Opportunités numériques

Les mesures de préparation à un éventuel retour de l’école à distance (« Ma classe à la maison » via le CNED, ENT, etc.) rendent plus visibles que jamais l’esprit dans lequel est perçu le métier d’enseignant par le gouvernement. Disons-le brutalement : le prof n’est autre qu’une machine à productions pédagogiques.

Que l’on consulte, conformément aux incitations qui nous proviennent de toute part, les pages ENT de chaque rectorat, les pages lycée.net, celles de « Ma classe à la maison », ou de reseau-canope.fr, partout c’est une profusion d’applis, de ressources, de liens, de fiches, de quiz, de tests, de partages de documents, de plateformes collaboratives,  de bases de données, dont la plupart sont inutiles et transforment l’enseignant en un ouvrier numérique, utilisateur de « mallettes », de « trousses » dans lesquelles il va puiser les « outils » appropriés à son niveau (école, collège, lycée), à sa discipline (français, maths…), à son usage (leçon, exercice, évaluation…) pour les soumettre aux élèves, destinataires ultimes d’une chaîne de transmission sans âme, dupliquée en tous lieux par tous les profs-machines.

Entre grand bazar et béquilles

Ce n’est pas de l’accompagnement, mais de la mécanisation. Ce n’est pas de la liberté, mais de l’uniformisation. Ce n’est pas de la valorisation, mais de la déqualification. Tous ces sites, toutes ces ressources pédagogiques, malgré leurs allures de caverne d’Ali Baba, manquent de ce qui fait la lumière, la dignité du métier de professeur, en l’occurrence le savoir. Le savoir n’est pas l’exposition pêle-mêle de documents, mais une mise en ordre des connaissances. Son modèle n’est pas le grand bazar, mais le musée, pas la brocante, mais le salon. Or, nulle part le renforcement des connaissances disciplinaires n’est proposé, nulle part l’accès au savoir universitaire n’est facilité.
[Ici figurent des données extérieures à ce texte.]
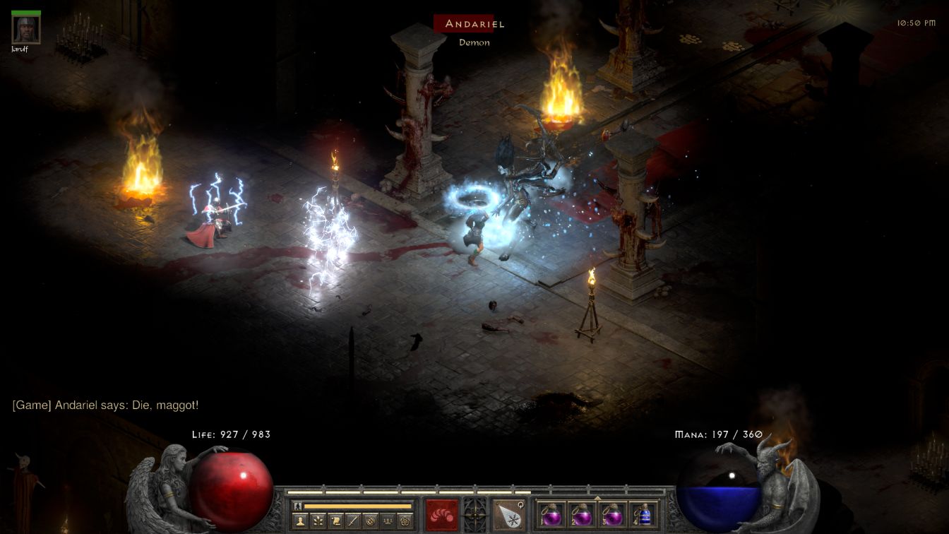 Cats 4 thankfully dropped anything with cold immunity from the monster mix. Blanche quickly cleared out the entry room by the blood pool, then shot down a zombie boss hiding right behind the double doors in the throne room. She eliminated some Dark Ones on either side, along with a second zombie boss, before Andariel finally woke up and came chasing after her. The Maiden of Anguish was also immune to being frozen and eagerly ran up into melee range while Blanche was spamming out Ice Blasts. In a fortunate coincidence, several Antidote potions had dropped in the previous room and I happily drank one down to clear the green coloring from Blanche when she was poisoned. I slid over to the right and kept pelting Andariel with Ice Blasts, noticing once again that her health was dropping quickly. While Andariel might have 66% cold resistance, Cold Mastery cut that to -75% which translated into Ice Blasts dealing about 2600 damage apiece. Andariel has 60k health which meant only about 25 Ice Blasts needed to land the kill - this might be a good time to remind the reader that Blanche could shoot about 3 Ice Blasts per second.

Avec de tels « outils », un prof ne peut consolider ses bases, fortifier ses compétences théoriques. Il ne peut qu’évoluer dans l’univers technique du « comment faire » : comment faire un cours, comment faire un exercice, comment faire une évaluation. Comme si le ministère préférait distribuer des béquilles plutôt que de muscler les jambes de son corps enseignant.

Ces béquilles, cela dit, ne sont pas forcément de mauvaise qualité : les contributeurs de contenus pédagogiques en ligne, les passeurs de savoir-faire numérique proposent très souvent des ressources fiables et appropriées aux classes destinataires, les bonnes intentions sont manifestes, plus sensibles que jamais depuis le confinement. D’une certaine manière se constitue un véritable réservoir d’exercices scolaires pour temps d’enseignement à distance ou, simplement, pour temps de  pédagogie simplifiée, mais, sur le fond, c’est la réduction de la formation de l’enseignant à l’usage de ces seules ressources ou techniques qui pose problème, négligeant l’horizon des formations universitaires, la fréquentation des grands savoirs historiques, critiques ou théoriques.

C’est à croire que l’Éducation Nationale a définitivement renoncé à la compétence disciplinaire de ses professeurs (ce que confirmera bientôt la réforme du recrutement, ce que suggère déjà l’affaiblissement de l’Inspection générale), que le métier d’enseignant s’ouvre désormais aux nouveaux manœuvres de machines pédagogiques toutes-puissantes, les outils numériques automatisés rendant caduc le cours personnel, construit, nourri, appuyé sur un savoir de qualité universitaire.

Dans ces conditions, il semble bien révolu le temps où un professeur, nostalgique de ses années d’études, se définissait comme un éternel étudiant. Les merveilleuses opportunités pédagogiques du numérique sont aussi, hélas, de merveilleuses opportunités de déconsidération du métier.